All’inizio di settembre, 17.000 miliardi di dollari di obbligazioni nel mondo offrivano rendimenti negativi, il record di sempre. In un paio di mesi, questa montagna risulta abbassatasi di almeno 2.000 miliardi. Gli stessi BTp, per restare in casa, sono passati da un minimo dello 0,80% per il decennale a fine settembre all’attuale 1,10%. Questo non significa che il rally dei bond sia giunto al termine e che sia iniziato il “sell-off”. Anzi, le vendite di queste settimane sarebbero conseguenza sia delle prese di profitto degli investitori, sia dello spostamento dei capitali verso comparti obbligazionari più remunerativi, quali gli “high yield” da un lato e gli emergenti dall’altro.

Fintantoché l’economia globale sarà gravata da nubi, difficile che gli acquisti sull’obbligazionario si arrestino mai del tutto. E in questa fase, USA, Cina ed Europa rallentano contemporaneamente, anche se il caso più preoccupante riguarda certamente l’Eurozona, dove la Germania rischia seriamente la recessione, portandosi dietro il resto dell’unione monetaria.

Giapponesissazione dei bond: grandi affari con rendimenti sotto l’inflazione anche per 100 anni

Comunque sia, le banche centrali non permetteranno mai lo scoppio improvviso e veloce della bolla obbligazionaria e, più in generale, finanziaria. Esse sosterranno i mercati con nuovi stimoli monetari, tra cui gli acquisti di assets, guarda caso riesumati da poco proprio dagli istituti principali, cioè Federal Reserve e BCE. E fino a quando compreranno, il sostegno ai prezzi sarà tale da non consentire alcun serio ripiegamento. E se non fossero più in grado di comprare? In una sola occasione si verificherebbe l’impedimento: con il rialzo dell’inflazione. Escludendo che nel medio termine questa possa accelerare per la migliorata congiuntura, l’unica via che porterebbe a una sua ricomparsa presso le economie avanzate sarebbe l’eventuale surriscaldamento delle quotazioni petrolifere.

Il legame tra petrolio, inflazione e bond

Il petrolio impatta sui prezzi al consumo ed eleva le stesse aspettative d’inflazione.
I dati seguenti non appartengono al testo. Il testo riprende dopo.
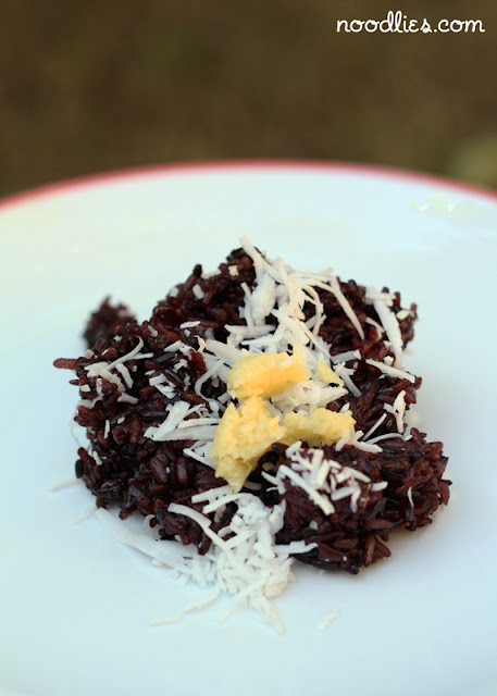 This is another sticky rice desserts, this one is relatively simple, purple coloured sticky rice, served warm and sprinkled with shredded coconut and sweet soya bean paste. You can also add sugar and a little salt to taste, or I’ve seen people pour coconut milk over the dessert as well.
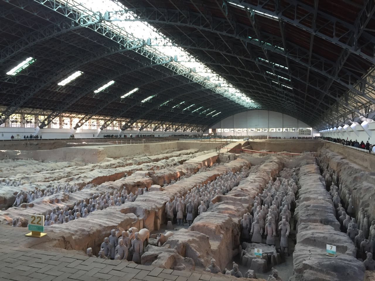 中午时分,我们到达最令人期待的兵马俑博物馆。兵马俑从1974年被发现至今,已经发掘了三个坑,局工作人员介绍现在已经发现了四号坑,并在规划中,我们也看到了四号坑的规划线,其位于二号坑和三号坑之间。在一号坑中我们看到很多武士俑,还有几乘战车和驾车马。这些武士俑面部神态、服式、发型各不相同,个个栩栩如生,形态逼真,排成三列横队。另外,在南北两侧和两端,各有一列武士俑,似为卫队,以防侧尾受袭。这支队伍阵容齐整,装备完备,威风凛凛,气壮山河,具有强烈的艺术感染力和视觉冲击力。
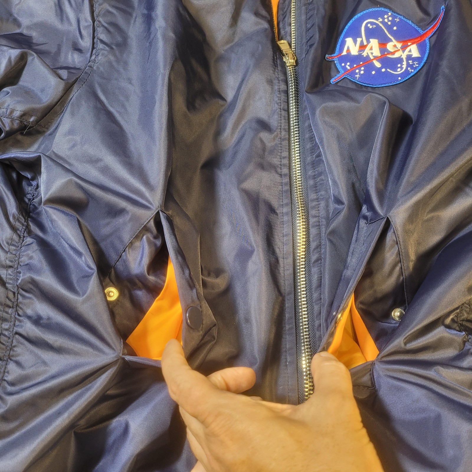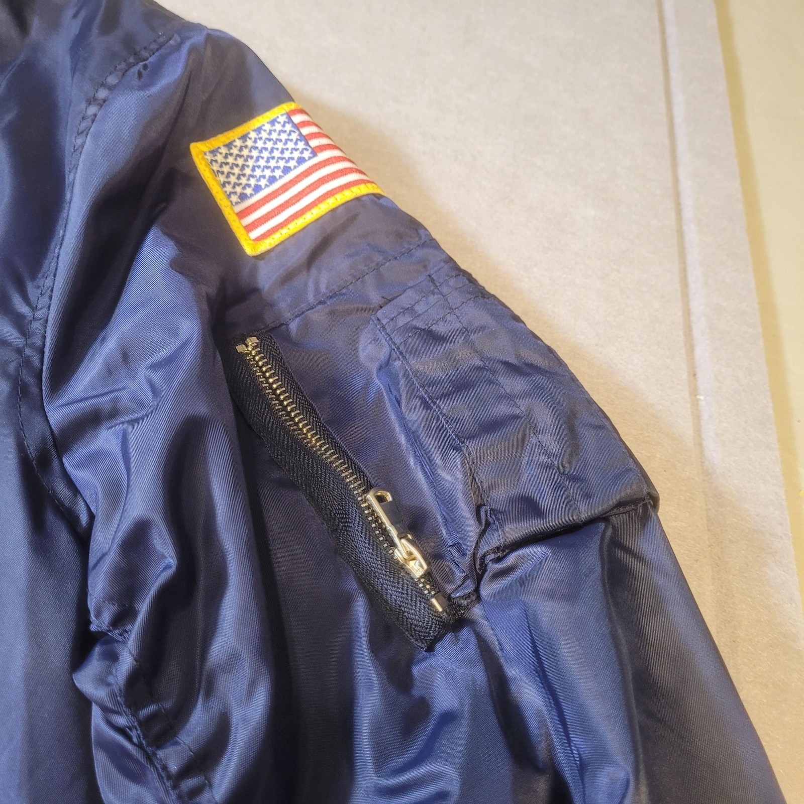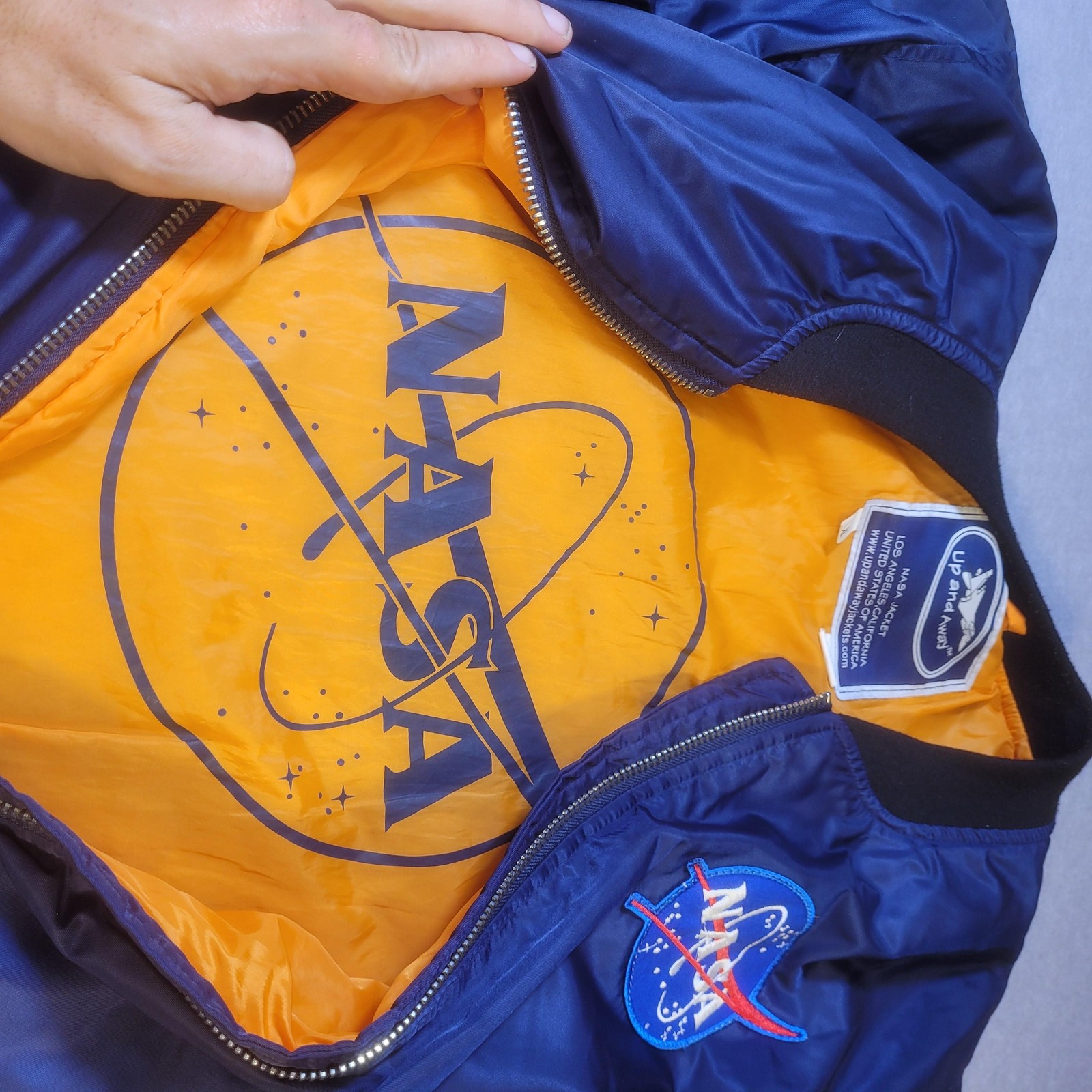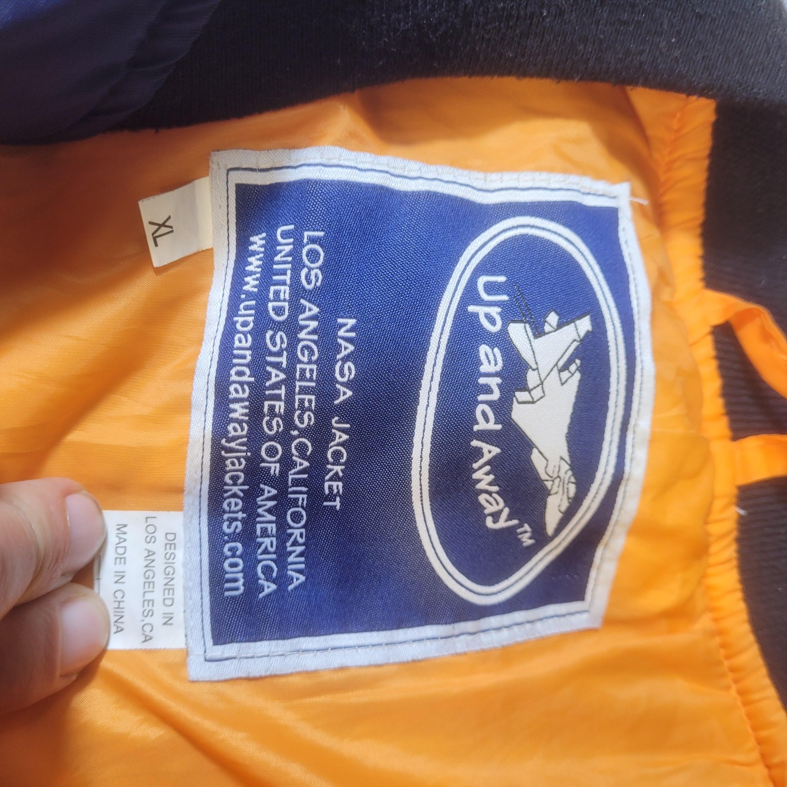 как выглядит NASA Bomber Jacket Mens XL Blue Up And Away Flight MA-1 Style Patch Space фото
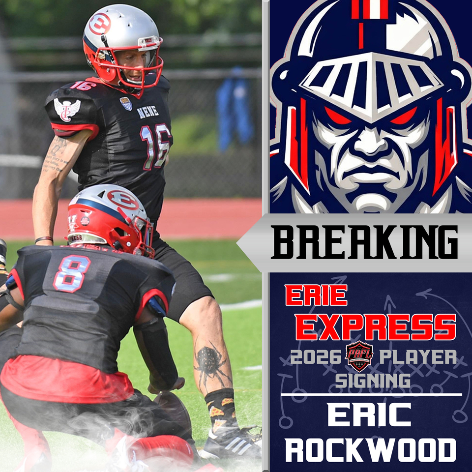 The Erie Express are happy to announce the return of K/P-Eric Rockwood (Alfred University) for the 2026 season. Eric begins his sixth season with the Express and returns as one of our starting kickers. Eric has played a major role in our teams success over the past five seasons.
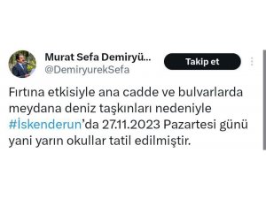 Kuvvetli sağanak yağış ve fırtına sonrası İskenderun Kaymakamı Murat Sefa Demiryürek sosyal medya hesabından yaptığı açıklamada, "Fırtına etkisiyle ana cadde ve bulvarlarda meydana gelen deniz taşkınları nedeniyle İskenderun ilçesinde 27.11.2023 Pazartesi günü okullar 1 gün tatil edildi" ifadelerini kullandı.
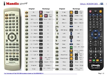 Cette télécommande remplit toutes les fonctions de la télécommande d'origine: ON, Standby, Mode Receiver, Mode TV/Setup, < Input Selector, Input Selector >, 1 / Last M / SP Setup, 2 / Cond.M / Test Tone, 3 / Func.M / CH Sel, 4 / Audio / SW Mode, 5 / Angle / Distance, 6 / Subtitle / Up, 7 / Late Night / IPM, 8 / T-D/ST / T-D Setup, 9 / Surround / Down, 0 / Random, +10 / --/---, Shift, Acoustic Control, Search, Program, Clear, Timer, Top Menu / TV Power, Menu / TV Input, Up / TV Vol+, Down / TV Vol-, Right / TV CH+, Left / TV CH-, Enter, Return / TV Muting, DVD Setup, Repeat, A-B, Step/Slow -, Step/Slow +, Stop, Play, Pause, << / Tuning-, >> / Tuning+, I<< / Tuner/Preset-, >>I / Tuner/Preset+, Mode MD/CDR/TAPE, MD/CDR/TAPE Play Rev./Pause, MD/CDR/TAPE Stop, MD/CDR/TAPE Play, Sleep, Dimmer, Display, Clock, Muting, Volume-, Volume+
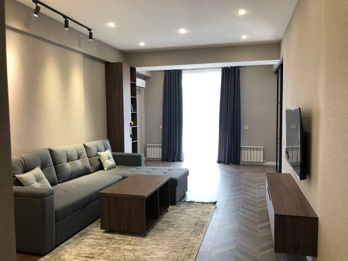 Kényelmes, luxusapartman a városközpontban található, frissen készített Elite házban. A ház éjjel-nappal feltűnő. Éjszaka az épület nagyon szépen ragyog, még távolról is látható. Az épület földszintjén éjjel-nappal nyitva tartó szupermarket és gyógyszertár, EDZŐTEREM, szépségszalonok és bank található. A lakás nagyon világos és kényelmes minden kényelmi szolgáltatással. Az épület biztonságos és éjjel-nappal őrzött, a területen játszótér is található.
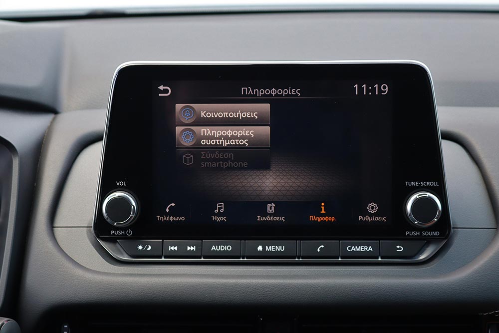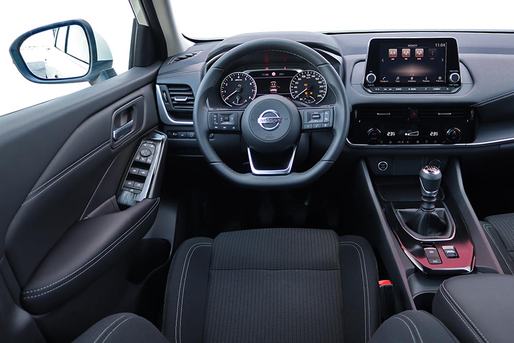 Οι εμπρός επιβάτες ακουμπούν σε μαλακές επιφάνειες, και σε συνδυασμό με τα αναπαυτικά καθίσματα «μηδενικής βαρύτητας» εμπνευσμένα από τη NASA, η διαμονή τους στην καμπίνα είναι πιο ευχάριστη και ξεκούραστη. Παράλληλα, ο οδηγός βολεύεται γρήγορα στη θέση του και θα εξοικειωθεί εύκολα με τις θέσεις και λειτουργίες των διαφόρων χειριστηρίων, μαζί με το απλό μενού της κεντρικής οθόνης των 8 ιντσών (βασική έκδοση TFT 7 ιντσών και πιο πλούσιες 9 ιντσών του NissanConnect). Επιπλέον παρέχεται Head-Up Display 10,8 ιντσών και πίνακας οργάνων πολλαπλών πληροφοριών με πλήρως ηλεκτρονική οθόνη TFT 12,3 ιντσών.
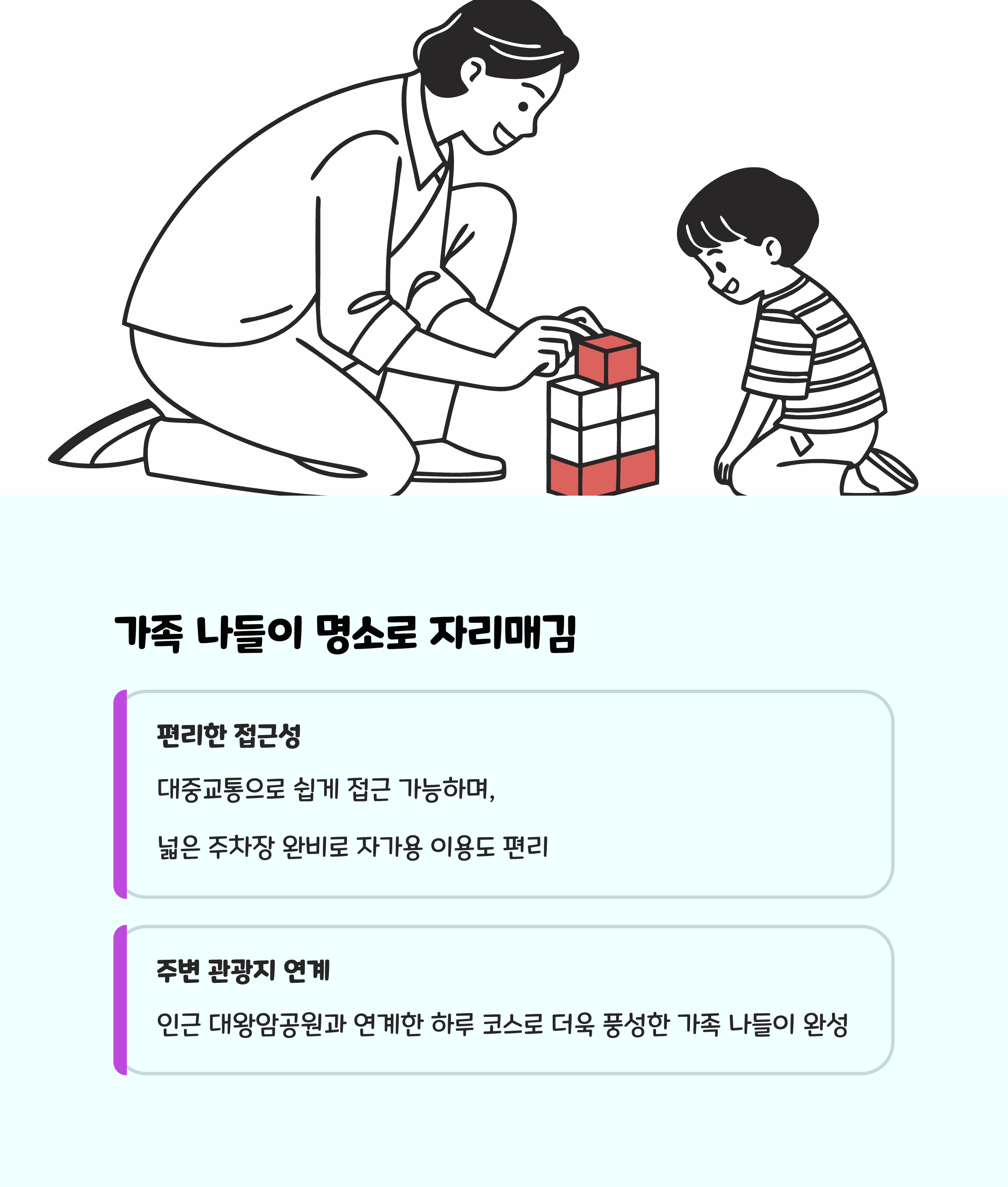 대왕암공원 내 위치해 산책과 자연 체험 병행 가능- 수유실 및 편안한 휴게 공간 마련, 가족 맞춤 서비스 제공
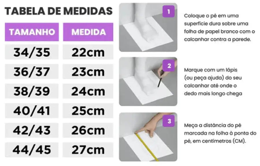 A TopFlex irá se adequar 100% ao formato dos seus pés. Veja a dica para descobrir o tamanho ideal e escolha logo a sua.
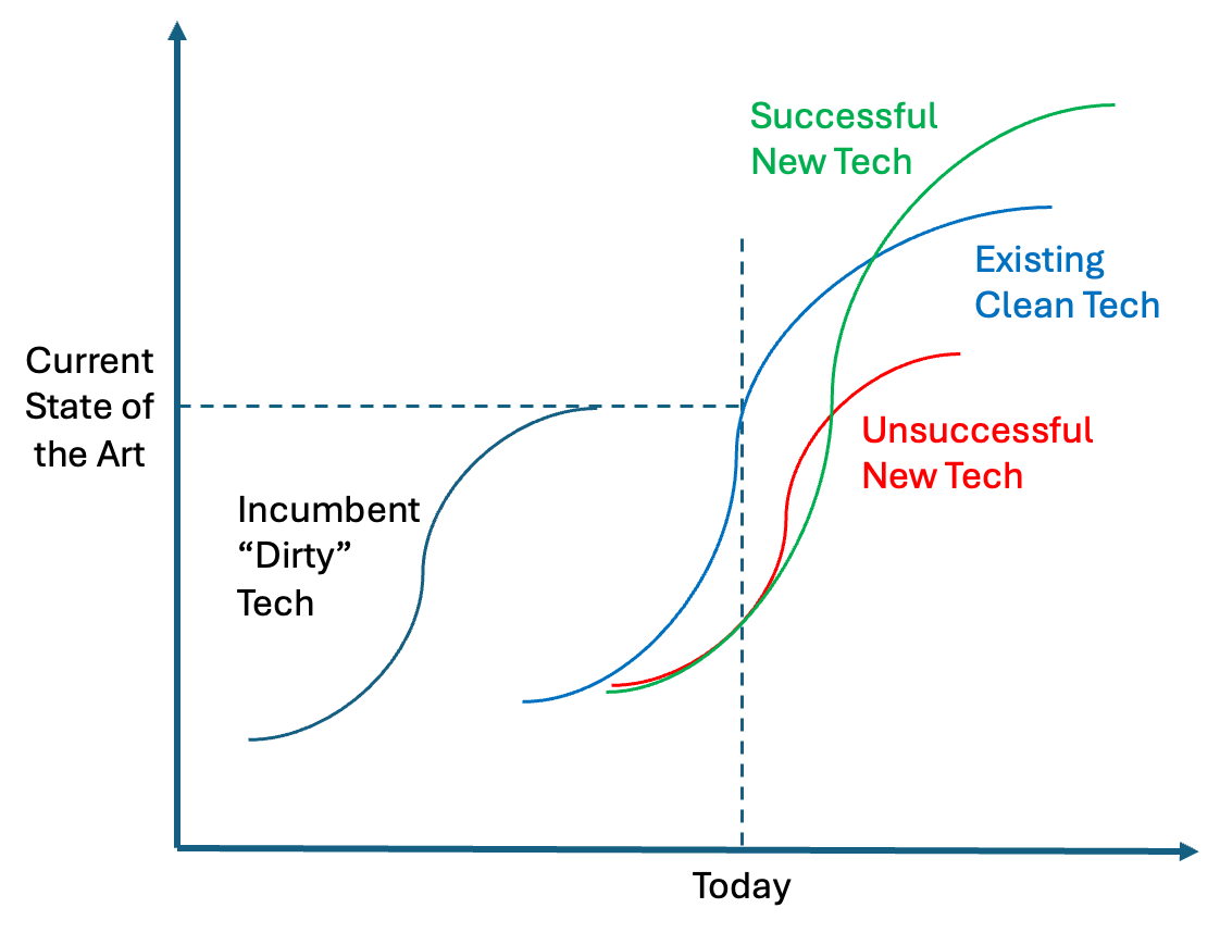 When developing new climate technologies and products, it’s common to use the incumbent “dirty” technology as a point of comparison. These incumbents have generally been around for a while and reached the flat portion of their s-curve, leaving them open to new technology overtaking them. However, in the current environment with many competitors developing new climate technologies, your fiercest competition may likely be another new technology that happens to be on the steep portion of the s-curve with a head start on you. The difference between success and failure is likely how your technology compares to a future start of the existing clean technology, not how you compare today.

Per quanto il mondo si sia reso meno dipendente dalla materia prima rispetto agli anni Settanta delle due crisi petrolifere, non riesce ancora a farne almeno per produrre e fare circolare merci e persone. Ebbene, che possiamo dormire sonni relativamente tranquilli per il breve termine lo segnalerebbe il grafico del comparto energetico a Wall Street, che possiamo considerare un proxy per l’andamento dei prezzi energetici. Quest’anno, le azioni sono salite di appena l’8% contro il +23% messo a segno dall’intero S&P 500. Su base annua, invece, mostrano un calo a doppia cifra contro il +12%.

Se le azioni energetiche sovrastassero, ad un certo punto, Wall Street, sarebbe il segnale che i prezzi energetici si starebbero surriscaldando troppo rispetto all’andamento complessivo dell’economia. Dunque, sarebbe anche arrivato il momento di vendere le obbligazioni con cedola fissa e particolarmente quelle con “duration” elevata, destinate a perdere di valore. Viceversa, sarebbe una buona idea metterne o tenerne in portafoglio con cedole legate all’inflazione, come i BTp Italia o i BTp-i.

Come il BTp Italia ha tradito le ragioni per cui era nato

Difficile, però, che il surriscaldamento delle quotazioni petrolifere avvenga in un contesto globale di bassa crescita. E questo pone un doppio rischio per i bond, i quali sono considerati assets da cui fuggire quando l’economia cresce a ritmi veloci o almeno accettabili e quando c’è inflazione. Lo scenario meno drammatico per questi titoli sarebbe quello della stagflazione. Da un lato, la crescita più vigorosa dei prezzi indurrebbe a venderli, dall’altro i timori sull’economia porterebbero a tenerseli in portafoglio. Il peggio che potremmo attenderci per questo comparto, quindi, sarebbe un andamento positivo dell’economia e accompagnato dalla ripresa dell’inflazione, perché a quel punto le obbligazioni non avrebbero più senso.